Aim of the task: All of the entries need to be printed again exactly; pictures are the only thing to omit.

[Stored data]
□ □ □ □ □ □ □
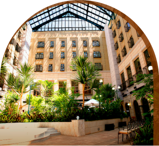 為靜謐森林環繞,環境情趣盎然,猶如迎賓館般,迎接賓客。世界級設計師J.D,融合東洋與西洋創作,大廳使用的壁面上的鏡子,柱子間接照明讓人想起京都能看見的那座面對裸露山巔挺立著的紅色鳥居牌坊。並採 用歌舞伎的衣裳上可見到的日本傳統的大膽色調,各處大量採用的格子圖案。
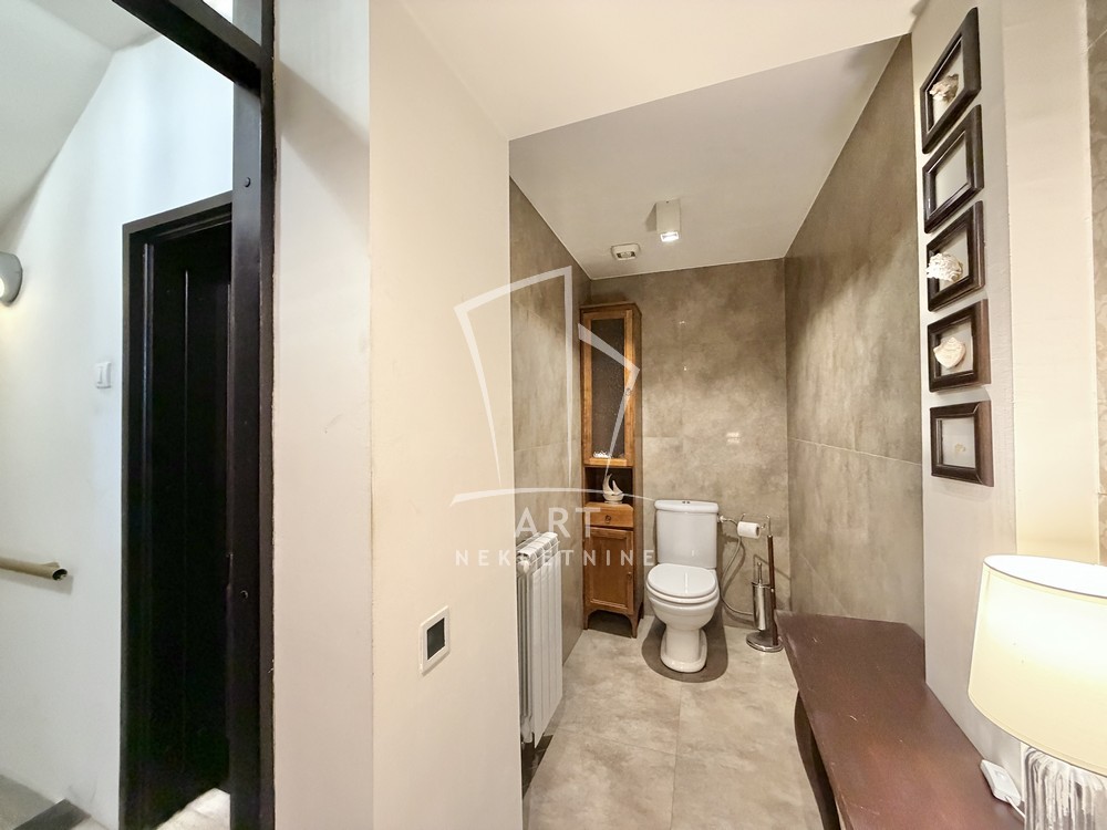Kuća poseduje poslovni prostor u prizemlju podeljen u 3 celine sa fleksibilnim rasporedom i 4 mokra čvora, pogodan za različite delatnosti (klinika, salon, kancelarije). Moguć ulaz iz dve ulice i kroz poslovni deo.
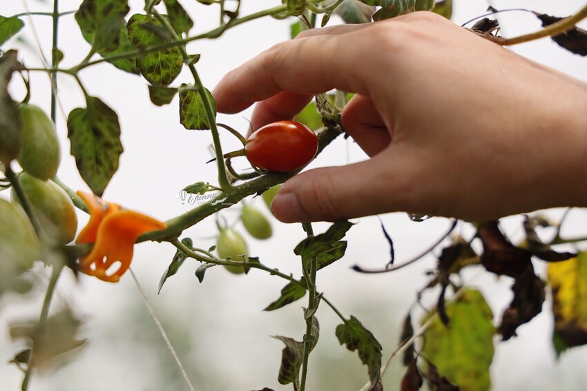 老闆指導我們連同蒂頭一起採下,如此可以令番茄保存得比較久。
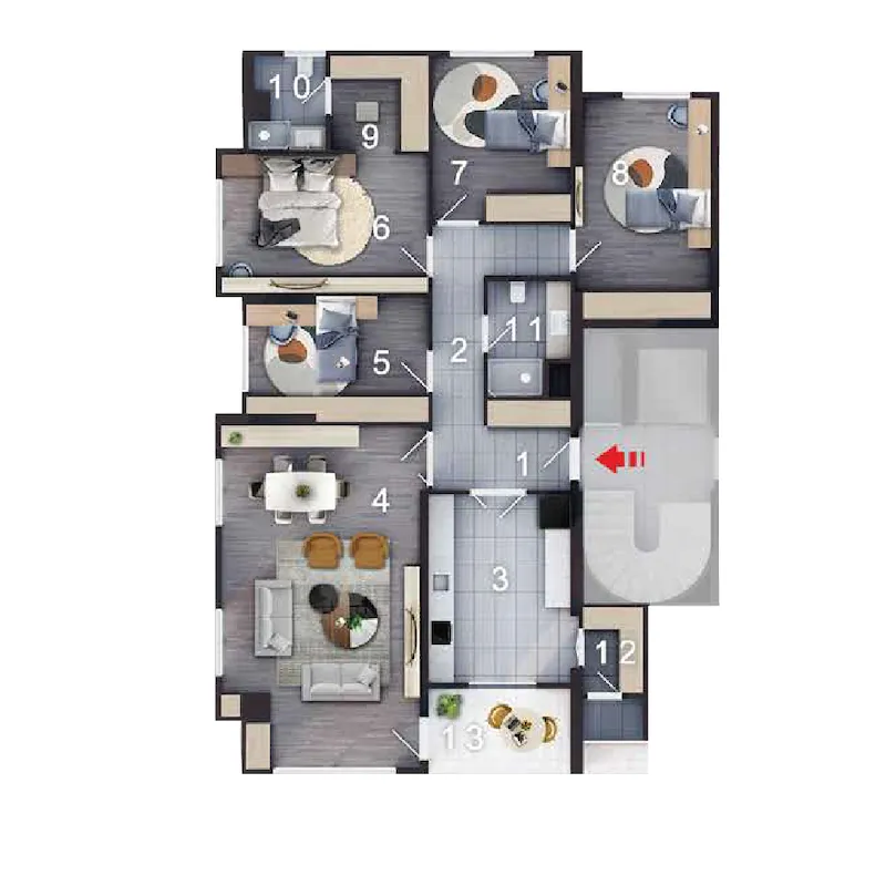| الانماط | الغرف | الصالات | المساحة | السعر | مخطط الشقة |
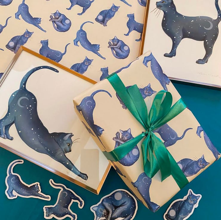 I created this elegant "Lunar Cats" gift wrap using a combination of chalk pastel, coloured pencil and digital illustration to bring it all together as a pattern!
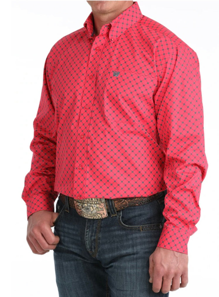 This CINCH men’s button down features a striking pink geometric print on durable cotton plain weave, offering breathable comfort from sunup to sundown. Finished with an open left front pocket, logo embroidery, and pink buttons, it’s the perfect way to add color and character to everyday blue jeans
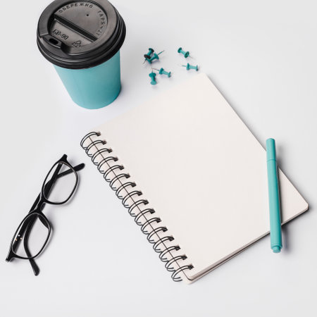 disposable coffee cup pen eyeglasses spiral notepad thumbtack pins white background
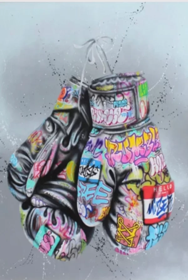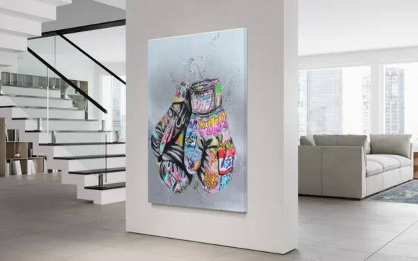 BOXING GLOVES Banksy Canvas Graffiti Wall ART, Colorful Gloves Print Sport Lover Ready to Hang Canvas Art for Game Room Décor
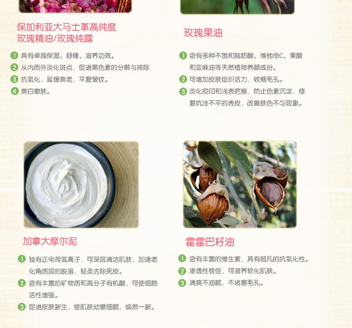 提高皮膚抗過敏能力,激活免疫功能,延緩皮膚衰老,易吸收。
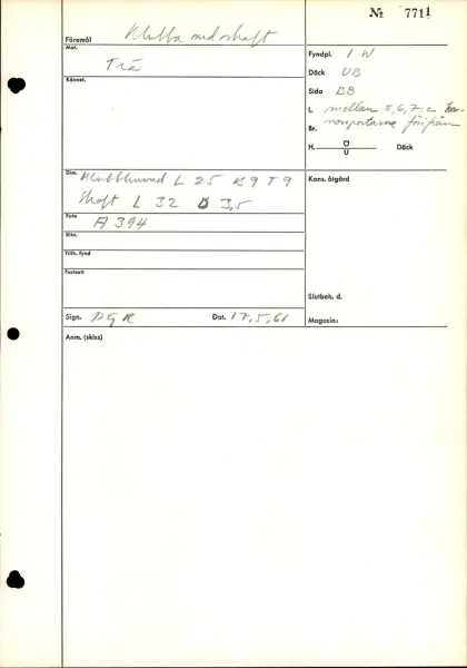 - Part of collection Vasamuseets föremål
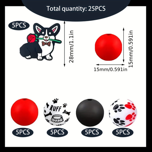 25pcs Creative Puppy-Shaped Silicone Focus Beads + Colored Watermark Beads Set
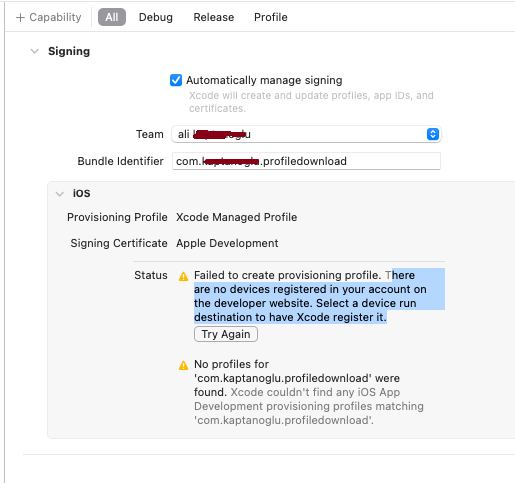 failed to create provisioning profile. There are no devices registered in your account on the developer website. Select a device run destination to have Xcode register it.
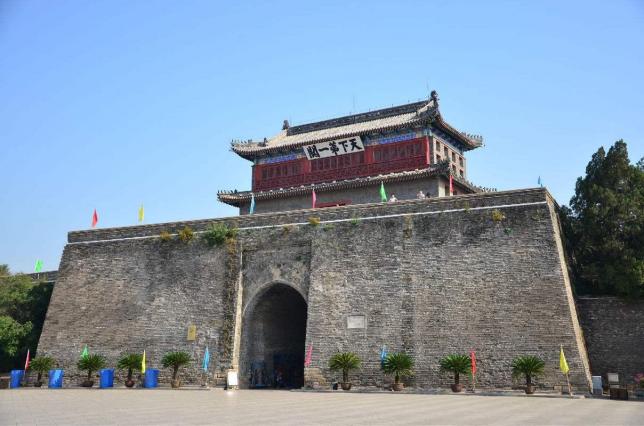 长城三大奇观之一,为明长城的东北关隘,地处河北秦皇岛市东北部,因其依山襟海,故名山海关。山海关城周长约4千米,与长城相连,以城为关,城高14米,厚7米,有四座主要城门,多种防御建筑。包括“天下第一关”箭楼、靖边楼、牧营楼等。
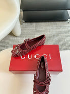 GG RIVETS BALLET FLAT GARNET HORIZONTAL STRAPS LAMBSKIN
□ □ □ □ □ □ □
Answer to this problem:
 為靜謐森林環繞,環境情趣盎然,猶如迎賓館般,迎接賓客。世界級設計師J.D,融合東洋與西洋創作,大廳使用的壁面上的鏡子,柱子間接照明讓人想起京都能看見的那座面對裸露山巔挺立著的紅色鳥居牌坊。並採 用歌舞伎的衣裳上可見到的日本傳統的大膽色調,各處大量採用的格子圖案。
Kuća poseduje poslovni prostor u prizemlju podeljen u 3 celine sa fleksibilnim rasporedom i 4 mokra čvora, pogodan za različite delatnosti (klinika, salon, kancelarije). Moguć ulaz iz dve ulice i kroz poslovni deo.
 老闆指導我們連同蒂頭一起採下,如此可以令番茄保存得比較久。
| الانماط | الغرف | الصالات | المساحة | السعر | مخطط الشقة |
 I created this elegant "Lunar Cats" gift wrap using a combination of chalk pastel, coloured pencil and digital illustration to bring it all together as a pattern!
 This CINCH men’s button down features a striking pink geometric print on durable cotton plain weave, offering breathable comfort from sunup to sundown. Finished with an open left front pocket, logo embroidery, and pink buttons, it’s the perfect way to add color and character to everyday blue jeans
 disposable coffee cup pen eyeglasses spiral notepad thumbtack pins white background
 BOXING GLOVES Banksy Canvas Graffiti Wall ART, Colorful Gloves Print Sport Lover Ready to Hang Canvas Art for Game Room Décor
 提高皮膚抗過敏能力,激活免疫功能,延緩皮膚衰老,易吸收。
 - Part of collection Vasamuseets föremål
 25pcs Creative Puppy-Shaped Silicone Focus Beads + Colored Watermark Beads Set
 failed to create provisioning profile. There are no devices registered in your account on the developer website. Select a device run destination to have Xcode register it.
 长城三大奇观之一,为明长城的东北关隘,地处河北秦皇岛市东北部,因其依山襟海,故名山海关。山海关城周长约4千米,与长城相连,以城为关,城高14米,厚7米,有四座主要城门,多种防御建筑。包括“天下第一关”箭楼、靖边楼、牧营楼等。
 GG RIVETS BALLET FLAT GARNET HORIZONTAL STRAPS LAMBSKIN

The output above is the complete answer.